Why ICS security startup Dragos’ CEO puts a premium on people not profits

Written in its company’s handbook, there’s one rule for working at Dragos. “Don’t be an asshole.”

“The first key to our success is our people and that we hire good people,” said Robert Lee, the company’s founder and chief executive, in an interview with TechCrunch. “I think building a successful team is about having a standard and saying that I expect you all to be adults and not need a million HR policies,” he said.

Lee’s management approach revolves around his company’s greatest asset — his staff. With 125 employees, the company has seen rapid growth since its founding in 2016 but puts great importance on maintaining the company’s relaxed but productive culture.

Lee said he doesn’t want to change its culture dynamics by growing too fast, micromanaging, or burdening his staff with strict expense policies. “If you’re stuck laid over at night, but you see there’s one seat left on a redeye and it’s a first class seat that’s going to cost six times more but it gets you home — go for it,” he said.

But he doesn’t compromise on his “don’t be an asshole” rule. “Say something sexist and a Slack channel? Yeah, you’re fired,” he said.

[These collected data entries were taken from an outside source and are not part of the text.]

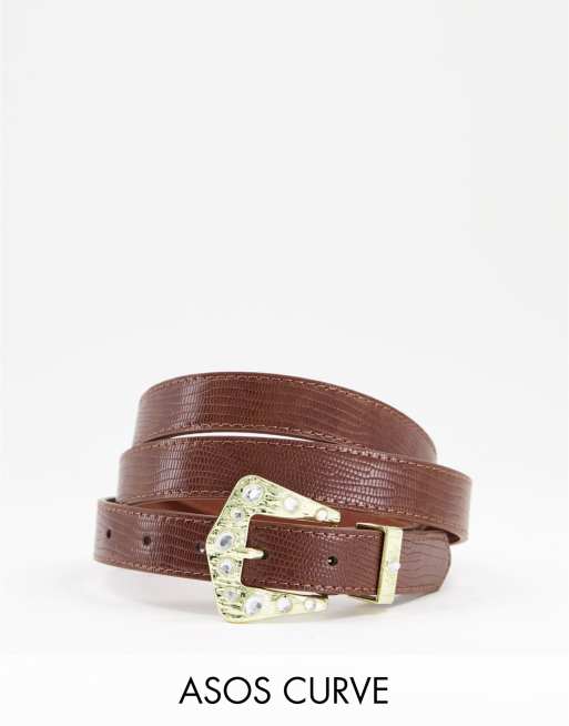 ASOS DESIGN Curve – Taillen- und Hüft-Jeansgürtel in Braun mit verzierter Schnalle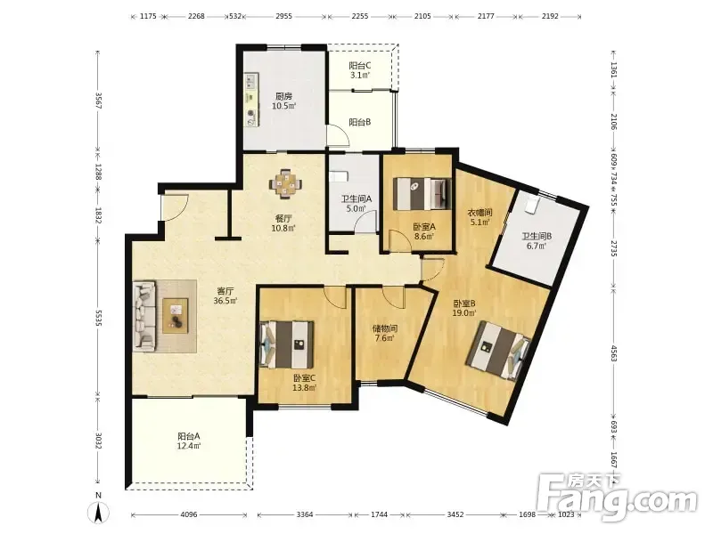 仁恒河滨花园 3室2厅 184.58平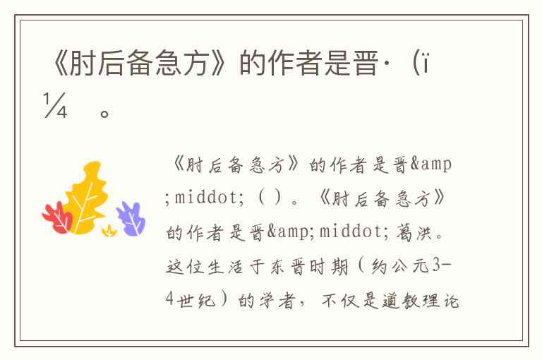 《肘后备急方》的作者是晋·葛洪。这位生活于东晋时期(约公元3-4世纪)的学者,不仅是道教理论家和炼丹家,更是推动中医急救医学发展的关键人物。他将自己100卷的医学巨著《玉函方》精简提炼,汇编成这部仅8卷73篇的实用手册,原名《肘后救卒方》,后经梁代陶弘景增补、金代杨用道附方,最终形成现存的《肘后备急方》版本。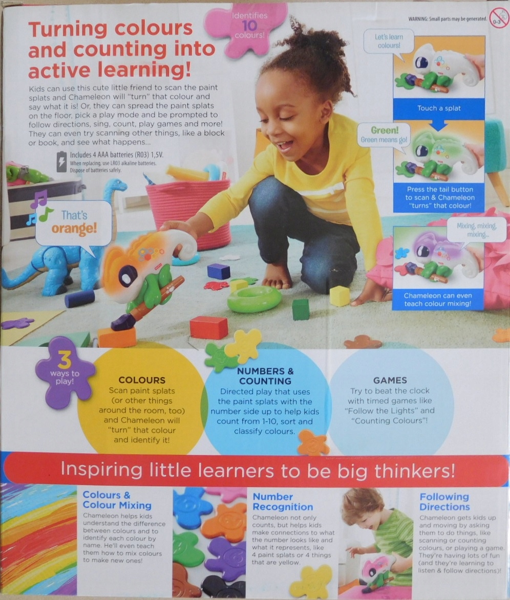Розумний хамелеон — це одна з нових іграшок Fisher-Price Think & Learn, яка виходить за рамки ABC і 123, щоб допомогти дітям навчитися думати самостійно. Кожна іграшка розвиває такі навички 21-го століття, як цікавість, експериментування та вирішення проблем, чого діти ще не бачили. Вони беруть участь у практичних, відкритих відкриттях, які допомагають їм легко опанувати нові навички.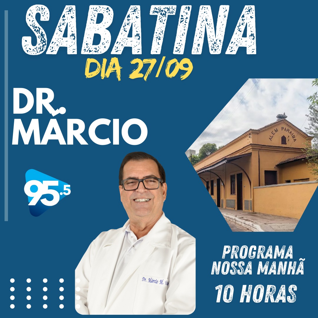 “ hoje dia 27 quinto e ultimo dia da Sabatina com os candidatos à Prefeitura Municipal de Além Paraíba. O evento será realizado às 10h, no programa Nossa Manhã, com apresentação de André Carluccio. No quinto dia de sabatina, o convidado para responder às perguntas será a candidato Dr. Márcio Valverde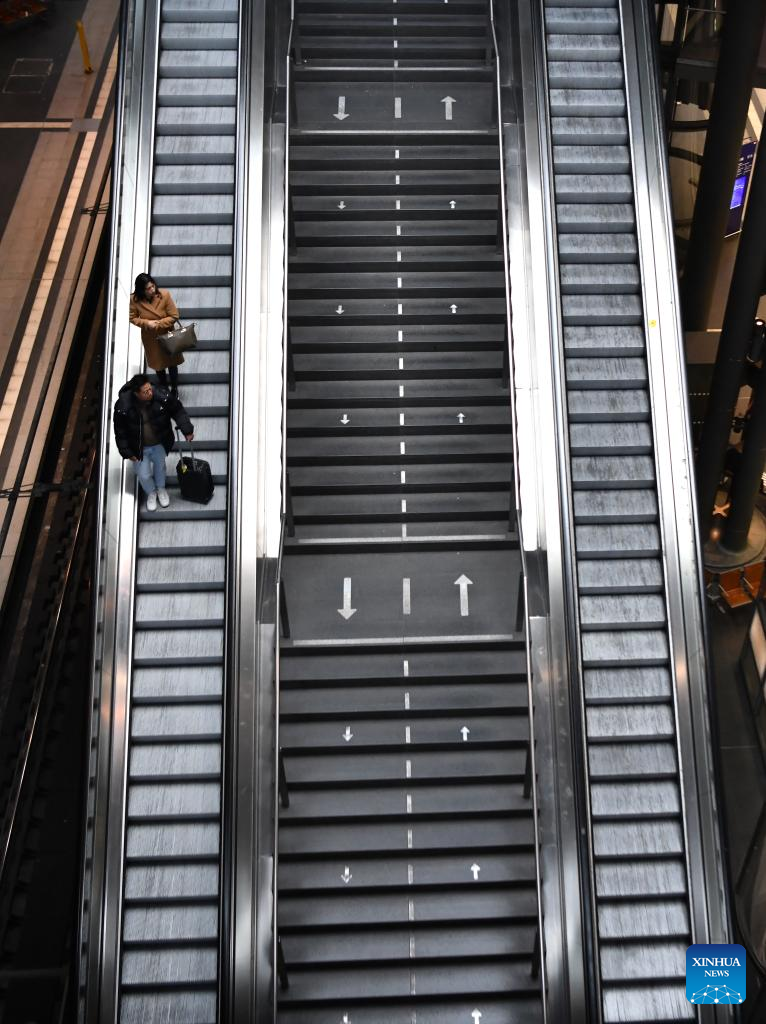Passengers take an escalator at Berlin Central Train Station in Berlin, Germany, Nov. 16, 2023. Germany is bracing for a short-notice nationwide rail strike that is scheduled to start on Wednesday evening local time and last 20 hours. (Xinhua/Ren Pengfei)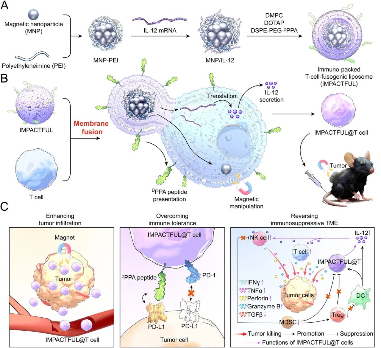基于免疫增强型T细胞融合脂质体(IMPACTFUL)的一步式T细胞工程策略用于实体瘤治疗过继性T细胞疗法在部分血液肿瘤治疗中取得了显著成功,但其对实体瘤的疗效仍受限于多种免疫学挑战,包括肿瘤浸润不足、肿瘤细胞的免疫耐受以及免疫抑制性肿瘤微环境(TME)。本文报道了一种一步式细胞工程策略,利用一种免疫增强型T细胞融合脂质体(简称IMPACTFUL)来增强T细胞对实体瘤的治疗效果。通过膜融合,IMPACTFUL 能够在T细胞表面修饰DPPA多肽,同时将负载白细胞介素-12 mRNA的磁性纳米颗粒核心(MNP/IL-12)递送至细胞质内。MNP/IL-12的内化使T细胞获得在外加磁场引导下的高效肿瘤靶向能力,并通过表达IL-12逆转免疫抑制性肿瘤微环境。而DPPA多肽的呈现使T细胞能够通过阻断PD-L1检查点来克服肿瘤细胞的免疫耐受。在小鼠实体瘤模型中,经IMPACTFUL工程化改造的T细胞能更有效地浸润肿瘤、抵抗耗竭,并诱导更倾向于炎症反应的肿瘤微环境,从而相较未修饰的T细胞显著抑制了肿瘤生长。综上,IMPACTFUL能够通过单步操作赋予T细胞多种互补功能,从而增强过继性T细胞疗法的效力。该方法为改善T细胞疗法治疗实体瘤的疗效提供了一个通用平台,并有望加速其向临床应用的转化。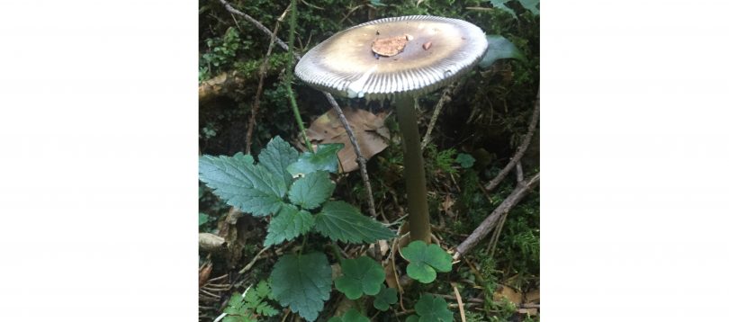 Bei diesem Exemplar handelt es sich um einen (zweifarbigen) Scheidenstreifling, einem Pilz aus der Gattung der Wustlinge, zu dem unter anderem auch der giftige Fliegenpilz und der tödlich giftige Knollenblätterpilz gehört. Obwohl prinzipiell essbar, sollte aus diesem Grund der Pilz nur von Kennern gesammelt werden. Charakteristische Merkmale für die Art sind die starke Beriefung am Hutrand sowie der ringlose Stiel, der am unteren Ende in einer lappigen Hülle steckt.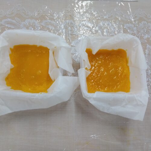 午前中にパンプキンケーキを作って、冷蔵庫で冷やします。

Lee founded Dragos after working as a former cyber warfare operations officer at the National Security Agency. Dragos works to secure industrial control systems (ICS), the necessary devices crucial to the continued operations of power plants, energy suppliers and other critical infrastructure.

Lee described ICS security as “all of the things in I.T. plus physics.” In other words, it’s about finding the threats targeting critical infrastructure facilities and understanding how the hackers work in order to stop hackers from controlling the gas turbines in power facility, for example.

Once a plot from a science fiction film, powerful malware like Stuxnet and Triton have emerged in recent years and targeted facilities — with near-disastrous consequences.